With the Chinese government having added culture to its list of priorities over the past three years, all the players are in a hurry for prestige product — the kind that puts an Oscar in their trophy cabinet, or a global movie franchise in their library.

Chinese firms have made splashy, one-off investments in movies including “Karate Kid,” “Cloud Atlas,” and “The Expendables,” and have exhibited growing levels of cooperation on films such as “Looper,” “Iron Man 3” and “Transformers 4.” For their part, Hollywood studios have invested in a handful of Chinese-language titles intended solely for Chinese-speaking territories. But for all the talking, there has been little of real scale. That may now be changing.

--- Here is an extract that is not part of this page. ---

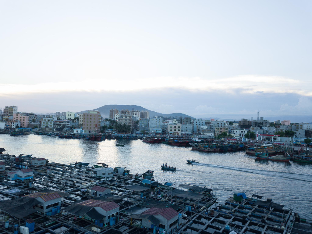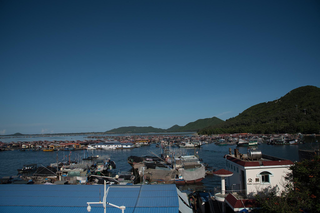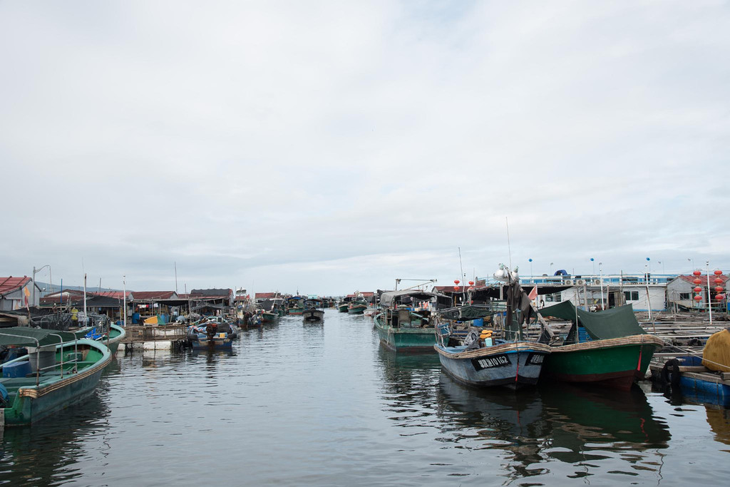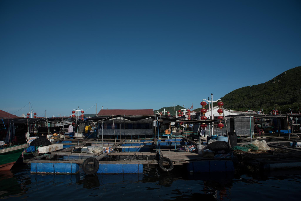 这里三面环海,风光旖旎。小海港坐落着一千多户的疍家人,他们世代生活在海上,700年来代代相传,从码头望去,冬眠宽阔的新村港上密密麻麻浮着一大片小木屋,每座房子的四周都浮着呈井田状用于养殖水产品的网箱,就是所谓的“渔排”。千家渔排聚集在一起,如同水上城市。

Each of China’s big four approaches the film sector from a different starting point — Baidu from Web search, Alibaba from e-commerce, Tencent from social media, and Wanda from property development — but they have converged around entertainment, and the idea that demographics, mobile technology and global consumer aspirations give them the ability to change the market and deliver huge profits.

The four behemoths have reached a point where big data and network mass are being used to change how entertainment is conceived, sold and consumed. (Last year when China’s Film Bureau announced it would start providing more box office information, it was significant that it said it would publish via social media, rather than with a Web page.)

“The influence of Internet innovation on the culture industry is no longer restricted to movie ticket sales, but has expanded to investment and content production,” says Liu Chunning, president of Alibaba’s digital entertainment business group.

What these Chinese companies are thinking and doing matters hugely to Hollywood.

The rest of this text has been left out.